Ljubljana, ou l’histoire d’un pari fou réussi
Parmi les réalisations qui méritent notre attention, il y a l’exemple remarquable de Ljubljana, capitale de la Slovénie (notre image d’ouverture). Comme le révèle un récent reportage de France 2 dont s’inspire, dans un article, l’association Rue de l’Avenir active en Suisse romande, le centre-ville de Ljubljana a le même niveau sonore qu’une forêt. Plus aucune voiture n’y circule, pas même des taxis. Si au début les habitants ont manifesté leur mécontentement, ils se montrés enthousiastes un an plus tard, louant une ambiance paisible. Quant aux commerçants, ils se frottent les mains. En cinq ans, certains d’entre eux ont vu leur chiffre d’affaire augmenter de 30% !
En effet, en 2007, Ljubljana s’est lancée un pari fou : débarrasser progressivement son centre des voitures.

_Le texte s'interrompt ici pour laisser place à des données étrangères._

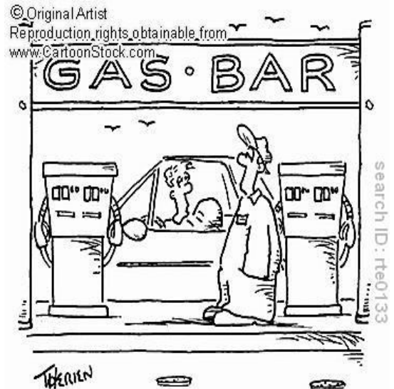
"Fill it up with last weeks gas... You know, the stuff that was ten cents cheaper."

Prices shooting up, but WPI inflation still in red. Annual inflation fell by 1.55% for week ended June 27
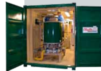
Containerised boiler house

These are exciting times for Clayton Steam Systems since many new applications are being demanded worldwide and the Clayton technology is being used for emerging applications where outdated equipment is no longer suitable for the modern world.
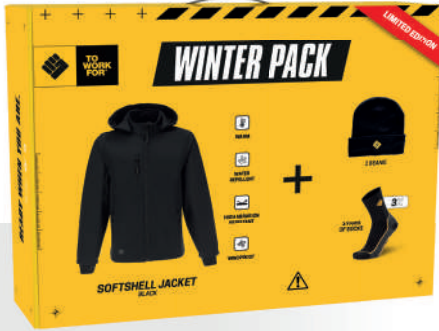
WINTER PACK SOFTSHELL JACKET | BLACK
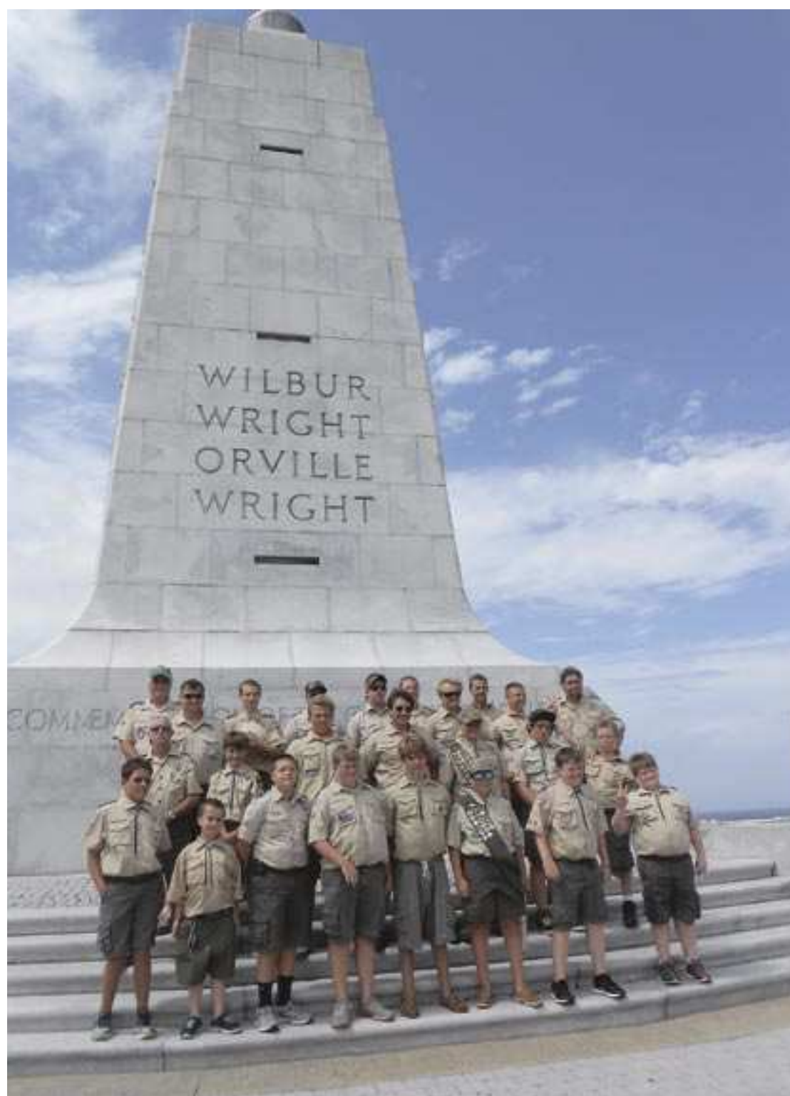
Boy Scout Troop 252 of Davis poses in front of the Wright Brothers National Memorial in Kill Devils Hill. The troop recently took a camping trip to the Outer Banks and visited the Bodie Island Lighthouse and toured the Wright Brothers Museum and monument.
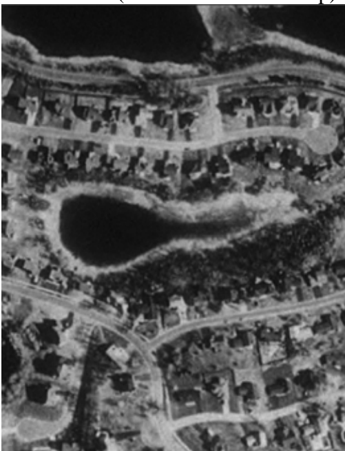
1991 (before water level drop)
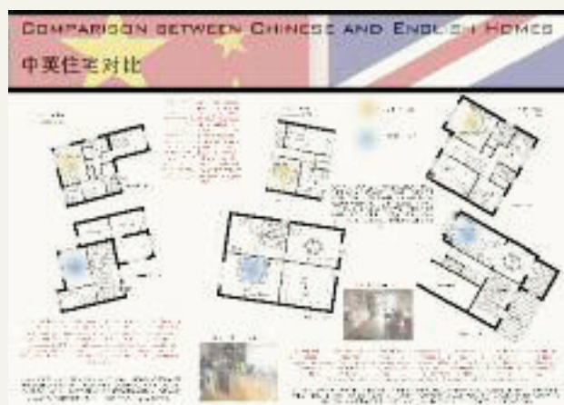
Fig.7 Residency comparison project 5

The third group of the projects was to do with the comparison of the life in the UK and China. One was to compare the residential models. It required students to study the details of daily life of a residential compound in Kunming and discover the difference between residential design in these two countries. In the site survey, students were particularly impressed by the intensely used courtyard in the compound, where the residents exercise, dance and sing every morning and evening. They then worked with the administration group in the compound to work out a better layout for the public space (Fig.7).
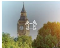
SUMMER IN LONDON LONDON, ENGLAND
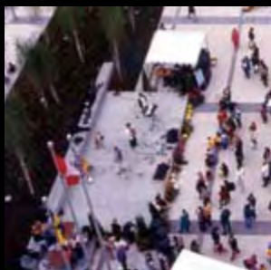
CITY HALL, RICHMOND, CA
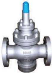
DIRECT ACTING PRESSURE REDUCING VALVES
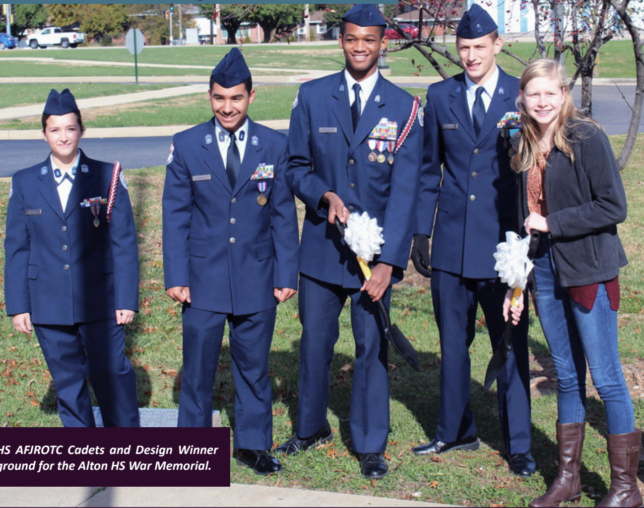
Alton HS AFJROTC Cadets and Design Winner break ground for the Alton HS War Memorial.
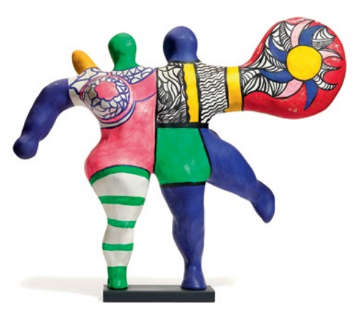
3447 NIKI DE SAINT PHALLE Les patineurs (couple ailé). Painted resin. Unique piece. 49 × 65 cm. CHF 25 000 / 35 000 Sold for CHF 107 000
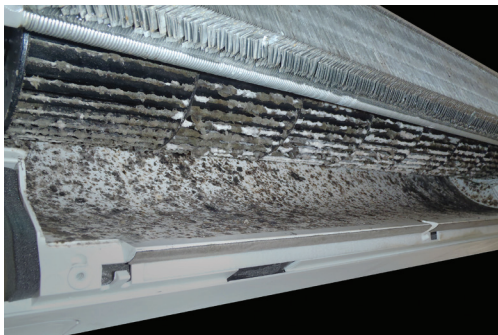
Mold thrives on mini-split blower wheels
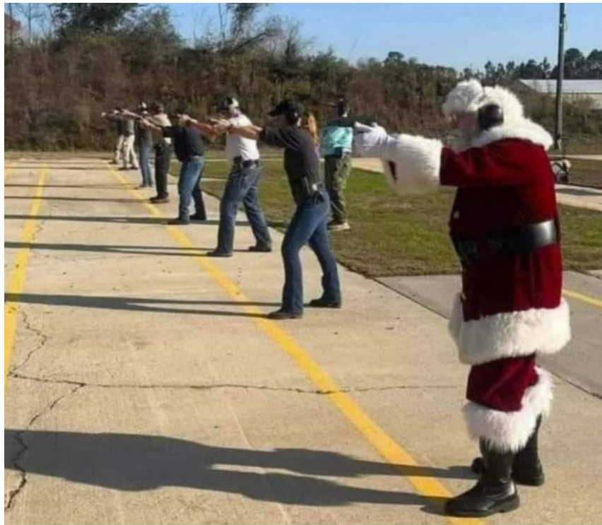
Santa Claus training for his ride through Chicago this year.
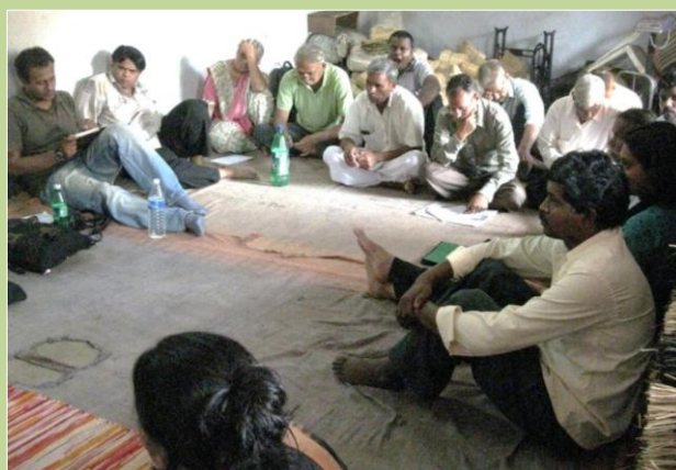
Members of the federation of community conserved areas in Nayagarh district, Orissa (India), meeting to discuss the 2006 Forest Rights Act.

In India , for instance, the Forest Rights Act has seen very inadequate use by communities to claim rights to and governance of forests. There are several reasons for this, including lack of awareness about the Act or how to make claims; lack of proactive assistance from government departments; deliberate obstruction by some government agencies or officials; difficulties in finding evidence to file with the claims; and superimposition of top-down boundaries related to government schemes rather than acceptance of customary boundaries of the community.
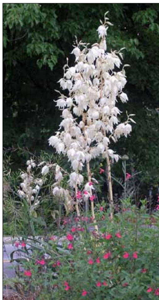
Flowering yuccas punctuate Chapel Hill Tire's landscaped corner in Carrboro.
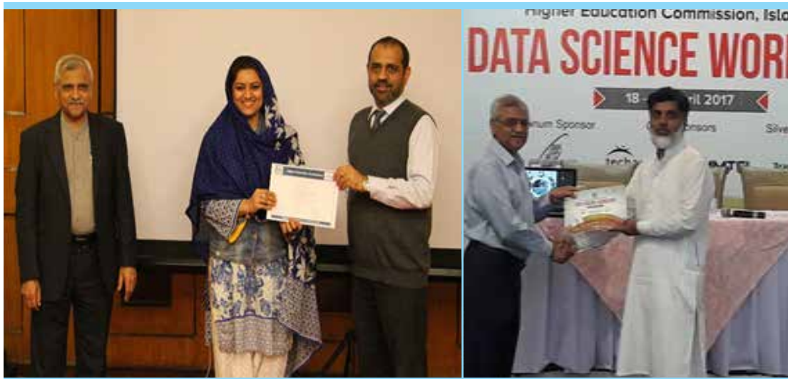
3 rd Program Evaluators Training Workshop held on Feb 10, 2017 at Islamabad

Elles n’ont pas été interdites, mais tout a été aménagé en fonction d’un périphérique urbain. Avant d’entrer dans la ville, de grands parcs de stationnement sont là pour se garer. On peut monter gratuitement dans un bus pour aller dans le centre, et peut-être se diriger vers les nombreux râteliers à vélo.
De la ville amie des voitures à la ville amie des piétons
« Cinq ponts ont été construits pour raccourcir les temps de trajets des habitants, et les trottoirs ont été abaissés », explique la journaliste Diane Schlienger, de France 2. Des voiturettes électriques et gratuites emmènent touristes et habitants où ils veulent. La ville n’est ouverte aux véhicules qu’entre six et dix heures du matin, pour les livreurs. Chaque jour, à l’aube, c’est une course contre la montre. Les conséquences positives de la piétonisation sont spectaculaires et la fréquentation du centre-ville n’a fait qu’augmenter.
Ljubljana est également passée avec succès d’une ville amie des voitures à une ville amie des piétons, réduisant ainsi les niveaux de pollution et de bruit. La baisse du niveau du bruit routier est spectaculaire. Les surfaces piétonnes ont été augmentées de 620 % grâce à la fermeture du centre-ville (10 hectares) à tous les véhicules motorisés.
Un aménagement du territoire à redessiner
Certes, Yverdon-les-Bains n’est pas Ljubljana et comparaison n’est pas raison. Mais les Yverdonnois ne devraient-ils pas revoir sérieusement l’aménagement de leur territoire plutôt que de rafistoler un projet du siècle dernier ? Laisser les automobiles à l’extérieur de la ville (par exemple à Y-Parc) implique un réseau de transports publics infiniment plus élaborés et confortables que ceux que nous connaissons aujourd’hui, à l’image de ce qu’a réalisé Ljubjana. Par ailleurs, un effort substantiel devrait être entrepris pour dessiner de vraies pistes cyclables aujourd’hui inexistantes. Bref, il s’agit ni plus ni moins de (re)construire une ville du XXIème siècle.